I will take your advice to heart and wait... it's so hard for me! I definitely don't want to complicate things, especially when they are going so well right now. :)

Thank you :)
 
Sigh... after I had that 4way with my gf and her female friend, and my sweetie D, I so wanted to tell D I loved him when we were parting... but I didn't. I mean, I am not "in love" with D, but I sure do feel a strong fondness for him. But I am pretty sure he wouldnt have taken it well. It might make him uncomfortable. So I didnt say it. Even tho we've been seeing each other for 2 years now. I don't want to scare him.
 
Considering that he isn't really taking the relationship aspect seriously, I'd say it's too early. I'd wait a little bit for him to open up more. Having the L bomb dropped when he is just starting to get comfortable might be too much.
 
If ou just have to say it and you think its to soon....then wait for a day when our walking him out a door and say it out loud behind the closed door mabe that would help:eek:
 
I'm going to swim against the current (what the hell do I know???) and agree with Charlie. If you love him and you're itching to tell him so, do it. Just do it without expectations - and let him know that as well.

There's a novel by Vonnegut where one person says to another: "I love you."
The other replies: "When you say that, I feel like you're pointing a gun at my head. What else am I allowed to reply but 'I love you, too'?"

Make sure that J knows that there's no gun.

Q: Is it ever too soon? To say I love you?
A: Better too soon than too late. (just my opinion)

p.s. I think that you and Beodude123 should invite J to read these threads. (just a crazy idea)
 
Q: Is it ever too soon? To say I love you?
A: Better too soon than too late. (just my opinion)

This is exactly my thought process when I wonder if it's too soon.

I did end up telling him. When I thought I was going to lose the chance to ever do it. Hubby had hit his lowest point thus far, and I couldn't do it to him anymore (we've since reestablished our boundaries and are starting back at the very very basics). I went in and talked to J and told him what was going on. He went to leave and he hugged me and told me everything was going to be okay, and I told him I know, and that not to freak him out, but I love him. In some way. I wear my heart on my sleeve. That's me, and I'm not ashamed of it.

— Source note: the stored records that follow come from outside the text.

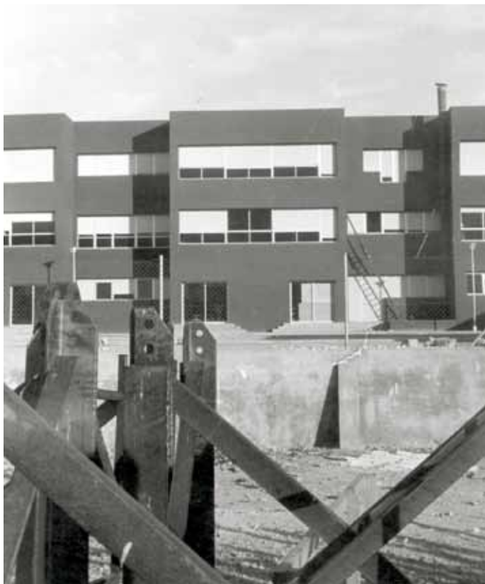
Façana de l'escola Celestí Bellera, 1974.

L'escola Celestí Bellera s'inaugura el 1975, coincidint amb l'inici del barri i sent, així, el primer servei que s'oferia. Des d'aquell any, funciona com a centre d'educació primària i a causa de la gran demanda d'alumnes amb necessitats d'escolarització, es decideix crear l'escola Mestres Montaña. A partir de llavors, l'any 1986, el Celestí Bellera esdevé un centre de secundària i passa el relleu a la nova escola.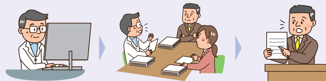
①事前に決定した手順に従い、論文を選別

事業者の都合で機能性があることを示す論文だけを意図的に抽出することはできません。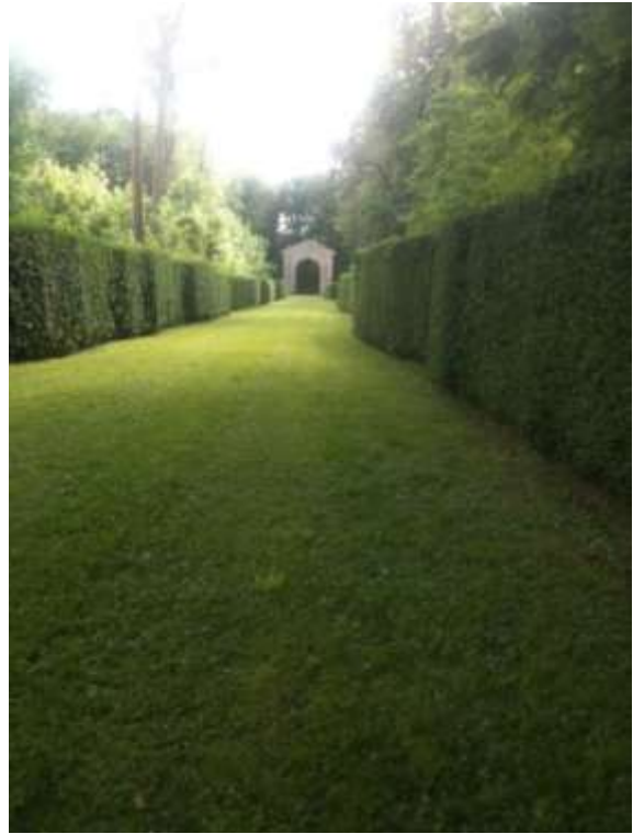
Vue des allées du parc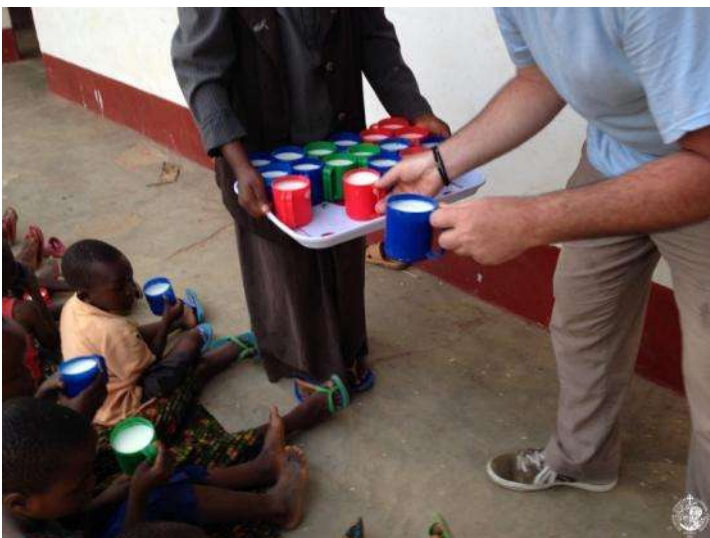
Ορθόδοξη ιεραποστολή στην Τανζανία.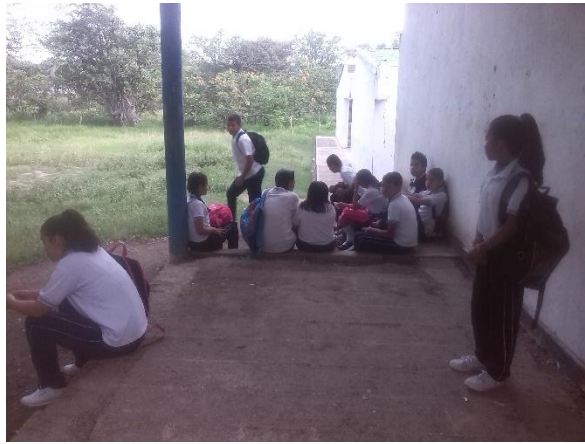
Ilustración 40 Unión grupal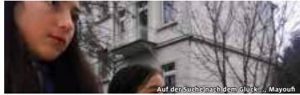
Auf der Suche nach dem Glück..., Mayoufi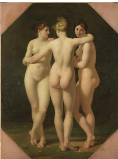
Jean Baptiste Regnault, Les trois Grâces, 1793-1794

Dans la salle suivante, Les trois Grâces sont en face de vous, à gauche de la porte.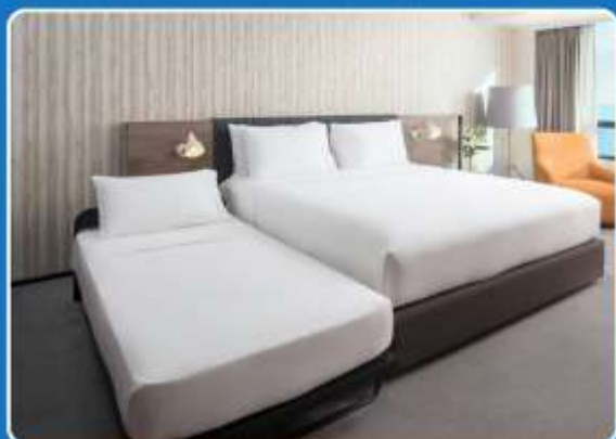
👤👤+👤 TRIPLE (TRP)

**รูปภาพห้องพักเป็นเพียงภาพสื่อถึงประเภทของเตียงเท่านั้น ไม่ใช่ภาพห้องพักจริงสำหรับการเข้าพัก**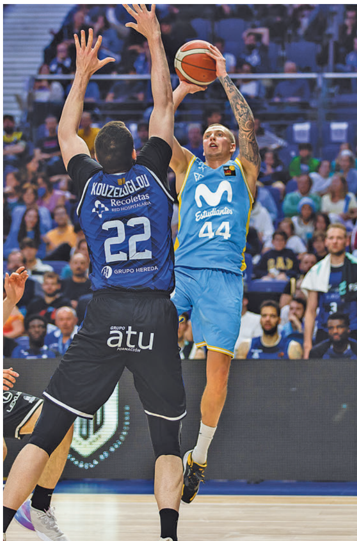
Hereda San Pablo Burgos ganó los dos primeros partidos

La empresa se antoja complicada pero no imposible. Para ello, el equipo que dirige Alberto Lorenzo debe ir partido a partido. No queda otra. La serie sólo seguirá abierta en el caso de que los colegiales se lleven el tercer asalto que tendrá lugar este mismo viernes 2 (20:30 ho-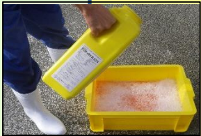
家きん舎毎の消毒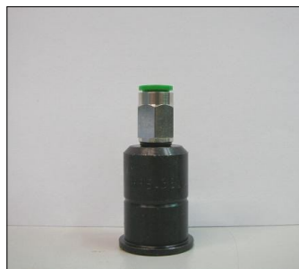
Raccordo iniettore COD.: 555-38-1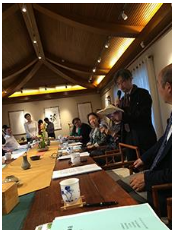
中日诗人朗诵会现场

每一位诗人渗入灵魂深处的诗歌朗读，让大家感受到了荡涤心灵的强大力量，也让大家无限珍惜这份来之不易的机缘。大连外国语大学的学生，分别用汉语和日语朗诵了诗歌，给大家带来了母语之外的诗歌美妙，诗人们纷纷称赞。对学生来说这是一次非常有意义的人生体验。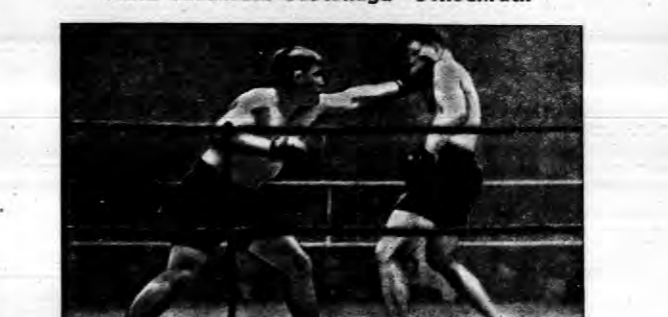
30 listopada rozegrano powyższy mecz...

I still don't know in which way.. there are so many ins and outs to him. I don't know if I love him in a familial way, if I love him in a romantic way. I love who he is at the core, and who he is to hubby. I still don't know if he will ever be right for me in that respect... but I love him regardless. I'm glad I told him. I felt an overwhelming sense of relief. Everything is still a big question, but my feelings have not changed.. he is one of those people who have made an impression on me and will always have a place in my heart.

I intend to invite him to read our threads and this forum, probably tonight. Don't know if he will, but I hope so!
 
Maybe just let the actions speak for themselves? Showing it instead of saying it? That's what I had to do.
 
I'd say it is the consequences. That one little word can change a lot of things for many people. The people on this board toss it around a little easier, but it still has far reaching effects.
 
How did he react when you said those 3 little words?
 
I agree with Beodude.

Besides, if you really love them, the enthusiasm to share it with them, will always be there. Taking time is a selfless act, in making sure they cherish the words with the intention given, rather then feeling overwhelmed.
 
Totally depends on the recipient. I would err on the side of not saying it. But thats because I see love as rare, and I rarely feel it for others. In my early days that would have had me balking. things have changed a bit, but I think most people err on the side of caution when using those words.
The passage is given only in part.